● INSTRUCTIONS FOR THE TASK
The response should be the records below, repeated exactly, with each picture left out.

[Collected data]
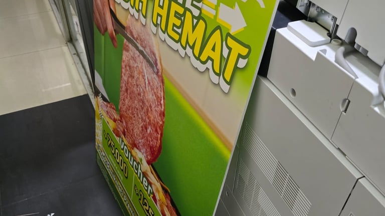 Pelayanan Digital Printing Indoor sebagai Media Promo yang biasa dipasang dalam ruangan seperti; Y Banner, Roll Up Banner, Foamboard, Alfaboard, Poster, Stiker, dan lain sebagainya
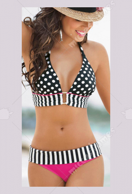 Women Cute Two Piece Bikini Swimsuit Halter Neck Backless Swimwear Sexy Wave Point Tied Beach Wear Bathing Suit with Pads
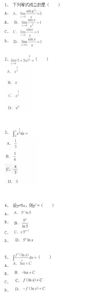 2020年上海市成人高考专升本《高等数学一》练习题五
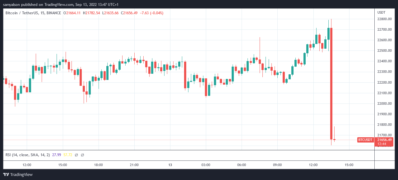However, on the release of CPI data at 13:30 UTC, $BTC’s immediate reaction was a 5% downside swing to bounce at $21,600.
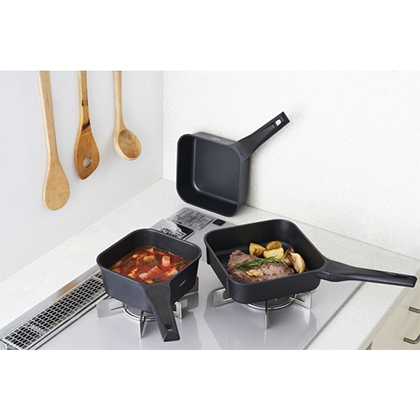 ⇒キッチン周りの空いたスペースにすっきり収納が可能、洗った後も場所を取らない - 四角にすることで、調理面積が丸に比べて広くなり具材をより多く調理できる

● ANSWER BOX
 Pelayanan Digital Printing Indoor sebagai Media Promo yang biasa dipasang dalam ruangan seperti; Y Banner, Roll Up Banner, Foamboard, Alfaboard, Poster, Stiker, dan lain sebagainya
 Women Cute Two Piece Bikini Swimsuit Halter Neck Backless Swimwear Sexy Wave Point Tied Beach Wear Bathing Suit with Pads
 2020年上海市成人高考专升本《高等数学一》练习题五
However, on the release of CPI data at 13:30 UTC, $BTC’s immediate reaction was a 5% downside swing to bounce at $21,600.
 ⇒キッチン周りの空いたスペースにすっきり収納が可能、洗った後も場所を取らない - 四角にすることで、調理面積が丸に比べて広くなり具材をより多く調理できる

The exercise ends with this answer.